第8話 「コンペイトウ夜話」

春香の異様さについて、似たような感情を抱いたまなびストレートの学美と比べて考えてみる。まず両者とも根拠のない強いエネルギーをもっている主役であることでは共通している。根拠がないというのはその性格を獲得するまでの道のりが描かれていず、天性の能力であるように見えるということ。そのエネルギーが周囲と反発すれば面白くもなるのだが、周囲と適応してしまっている。これでは単に有能な人間がうまくやってるだけで、そんなものを見せられても物語としては面白くない。これだけとれば主役としてふさわしいキャラではない。

しかしキャラの性格の統一感という点では春香の方が上に感じる。学美は、個人的な印象では、いつも目の焦点があっておらず言動や行動に統一性を持っていない。むしろそのエネルギーの行き先の不明感が彼女の特徴であったように思う。統一感をもった性格はむしろ脇役(特に蜜柑)が引き受けていた。

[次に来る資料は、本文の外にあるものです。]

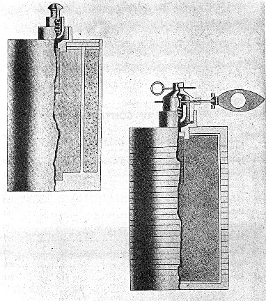 Type Mtr: The bomb consists of two cylinders of sheet metal. The inner cylinder contains the explosives, and the cylinder is threaded at the top to take a screwed circular cover. Between the two cylinder are small steel pellets embedded in concrete. |

一方で春香は、ロボットに擬似恋愛感情を抱くという方向性は異様であるものの、その感情自体は明確な自信に基づいたもので、しっかりと目の焦点を合わせて考えたり行動している。これはセリフ回しや声優の演技の仕方から、制作者の意図した表現としてはっきりと感じ取ることができる。口癖のような「まいっか」に象徴されるように、彼女の世界に対する態度は表面上曖昧ではあるが、それは自分自身の心の中に確固とした核があるから表面上曖昧でも平気だということであって、むしろ彼女の世界に対する自信の表れだといえる。

だからといって、春香に対して、まなびにおける蜜柑のように好意的に感情移入できるかというとそうでもない。蜜柑は無能という設定のキャラだから感情移入しやすいが、春香は最初に言った根拠のない強いエネルギーがあり、自分と重ねることは一般に難しい。さらに彼女のインベルに対する態度は常識的には考えられないような、押し付けがましい母性的な接し方であり、同じ立場に立つことはまず想像できない。

つまり春香はまず無根拠にエネルギーをもってるという時点で視聴者から離れてしまっているわけだが、妙な母性的な考えや言動のせいでさらに近づきがたいキャラになってしまっている。さらにその近づき難さが自信をもった統一感のあるキャラとしてはっきりと描かれていて、異様さを増している。

で、なぜにそんなものを描きたがるのかというのが、いまのところよくわからない。